While historically Justices had held elected political office, it was clear that the White House was prepared for the political backlash that would come with the appointment of a Democratic politician to the traditionally apolitical bench.

“There are many examples of seasoned politicization’s on the high court, Earl Warren California governor, President Taft, as far back as John Marshall who shaped the court in its early years was a congressman,” said Vice President Kerry as he defended the choice on the Sunday talk shows. Arguing that the confirmation hearings should determine whether she was qualified to sit on the bench.
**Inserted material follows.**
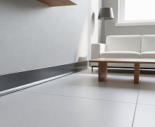 Особенности монтажа: алюминиевый плинтус крепится к стене на жидкие гвозди . Для оформления внутренних и наружных углов используется специальная алюминиевая фурнитура или запил под 45 градусов.

Said hearings played out and as expected Republicans laid as many lines of attack as they could on Granholm, that she was obviously going to be a liberal activist, with a close relationship with the President and little experience in the courtroom. In turn, she denied that she would be beholden to the President, that the decision had nothing to do with personal loyalty or favour trading and was not afraid as an experienced politician (and failed actress) to spar with Republicans, refuting that her appearance on the Dating Game in 1978 somehow disqualified her as some publications hinted.

Senate Republicans decried the nomination, as the President creating a “rubber stamp court” according to Alabama Senator, Jeff Sessions and Conservative Commentators like David Frum shared the view that this was a “disaster for the court, this would nakedly politicize the court” and Robert Bork (himself a failed Supreme Court nominee) denounced the decision as a “disaster … a slap in the face to the neutrality of the court”.

The White House defended the nomination, particularly attacking some of the more inflammatory statements about her being a naturalized American (she was born in Canada with Swedish heritage) and pointed to her moderate legal record “Ms Granholm may govern as a Democrat, but her record is a moderate one” said Senator Tom Daschle who helmed the confirmation process, assuaging wavering Democrats “I agree that there is room for a new kind of face on the court”. A line of thinking that other Democrats stuck to. “You know we need to have the type of minds that think about laws, not just as an abstract but have put them and seen them put into action” said Senator Hillary Clinton.

The final vote again left Republicans divided, columnists and media figures like Fox Host Ann Coulter tore into it as an almost criminal offence, to appoint someone so close to the President to the court, a notion that quickly dragged the GOP’s prospective Presidential candidates like Senator George Allen and former Speaker Newt Gingrich to wade into the fray in opposition to the confirmation.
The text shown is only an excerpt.